Ядро любого химического элемента состоит из протонов и нейтронов. Протон и нейтрон почти одинаково тяжелые — масса нейтрона больше массы протона всего на 0,1378%. Самое легкое ядро у водорода (1Н) — оно содержит всего один протон. Чем больше протонов и нейтронов в ядре, тем оно тяжелее. С нарастанием массы ядра растет и порядковый номер химического элемента в периодической системе (порядковый номер химического элемента равен числу протонов в его ядре). Следовательно, самые тяжелые ядра сконцентрированы в самом низу периодической таблицы химических элементов.

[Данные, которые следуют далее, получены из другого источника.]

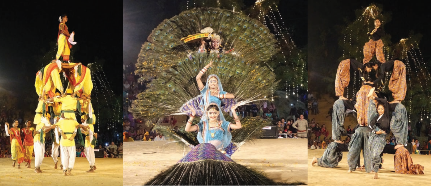
વસંતોત્સવની જમાવટ - સંસ્કૃતિ કુંજમાં વિવિધ રાજ્યોના લોકનૃત્યોની પ્રસ્તુતિએ વસંતોત્સવમાં જમાવટ કરી છે....

ગાંધીનગર, તા. ૨૩ ૨/૩ બહુમતી પ્રાપ્ત કરી ગાંધીનગર તાલુકાની પેથાપુર નગરપાલિકાના રવિવારે યોજાયેલા મતદાન પછી આજે હાથ ધરાયેલ મતગણતરીમાં ભાજપે તેનો કબ્જો જાળવી રાખ્યો છે. આજે સવારે સે. ૧૫ ખાતે શરૂ થયેલી મતગણતરીમાં વોર્ડ નં. ૧ માં બે બેઠકો કોંગ્રેસને મળતાં રસાકસી ભયાં પરિણામ આવશે તેવું લાગતું હતું. પરંતુ વોર્ડ ૨, ૩, ૪, ૫ માં ભાજપની આખેઆખી પેનલોએ વિજય મેળવ્યો હતો. વોર્ડ નં. ૬માં કોંગ્રેસે ભાજપની કલીન સ્વીપને અટકાવી હતી અને ચારેય બેઠકો પર કોંગ્રેસના ઉમેદવારો વિજયી બન્યા હતા. ૭૫ ટકા જેટલું ભારે મતદાન થતાં બન્ને પક્ષોએ વિજયના દાવા મતદાન પછી વ્યક્ત કર્યા હતા. જોકે આજની મતગણતરીમાં ભાજપનો ભગવો લહેરાયો હતો. એક જ કલાકમાં મતગણતરીનું કાર્ય સંપન્ન થઈ જવા પામ્યું હતું.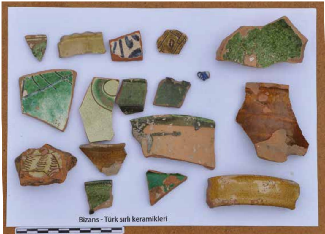
Fotoğraf 2 - Kale içinde tespit edilen keramik türleri (Bizans ve Türk) / Some ceramics belong to different periods (Byzantium and Turks)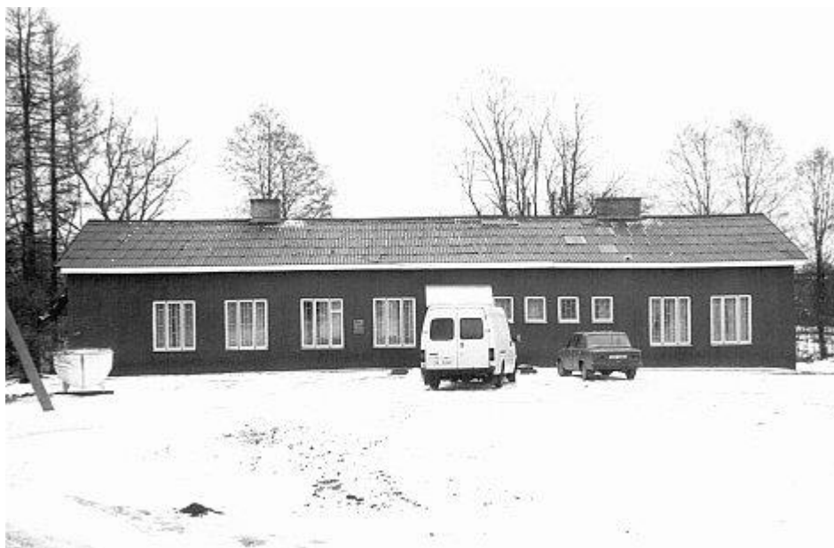
A/S RVF kauplus „Marex“ 1995. a.

Mõlemaid kultuure kasvatati realiseerimiseks. Firma realiseerimise käibeks oli 120 tuhat krooni.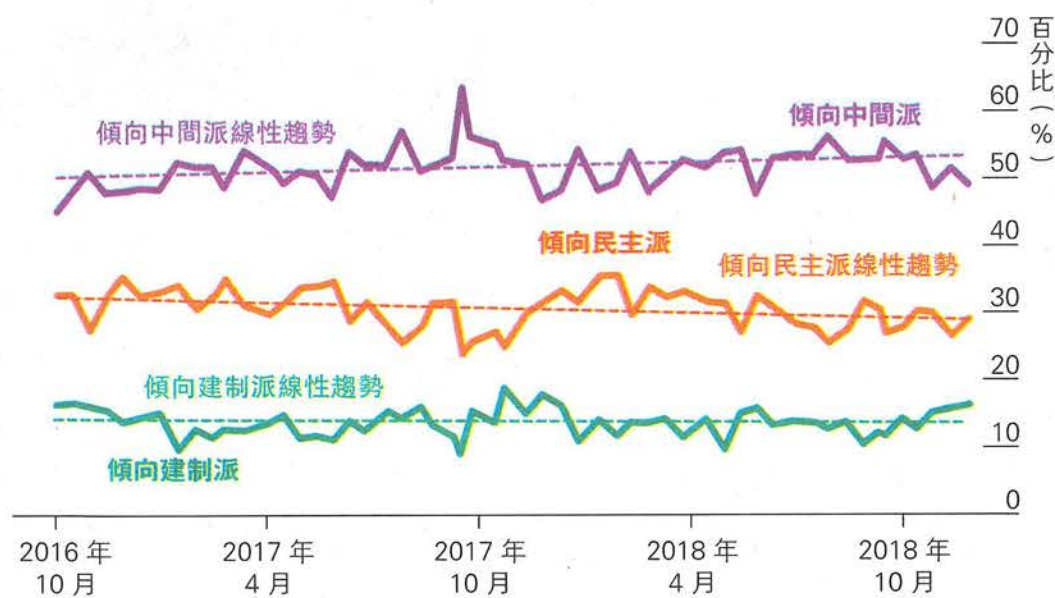
圖 2：港大民研：香港市民的政治傾向

遠。其實，大部分市民皆不參與投票，甚至不是選民，而不熱中於發聲的市民，相信更有機會屬於溫和派，所以選舉結果未必能反映香港真實的政治版圖。所謂泛民主制的「六四比」是由於政治兩極化所致，還要受投票意欲、政綱議題、競選策略、個人魅力等因素影響，歷史已證明「黃金比例」並非牢不可破。政治板塊移動影響深遠，去激進化與溫和政治在最近一年半急速興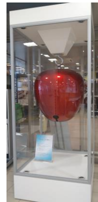
りんごの鈴(イメージ)

令和4年3月から新青森駅に展示されている「りんごの鈴」が、青森産直市の期間限定で上野駅にやってきます。真っ赤に輝くりんごの鈴を是非ご覧ください。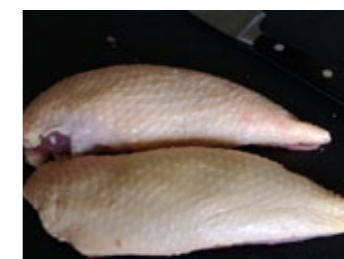
8 ... et prélevez les filets (ou magrets).

Тяжелое, а значит, крупное по размеру ядро может распасться на несколько мелких. Такой процесс называется реакцией распада. Если происходит наоборот — несколько более мелких ядер объединяются в одно более крупное, — это событие называется реакцией синтеза. Естественные реакции ядерного синтеза во Вселенной распространены очень широко. В процессе синтеза ядер гелия (2Не) из ядер водорода насыщаются выделяемой при синтезе энергией видимые нам звезды. Первую искусственную реакцию термоядерного синтеза человек использовал для создания водородной бомбы, но не сумел пока найти способ направить термоядерный синтез в мирное русло и научиться получать с его помощью энергию для жизни.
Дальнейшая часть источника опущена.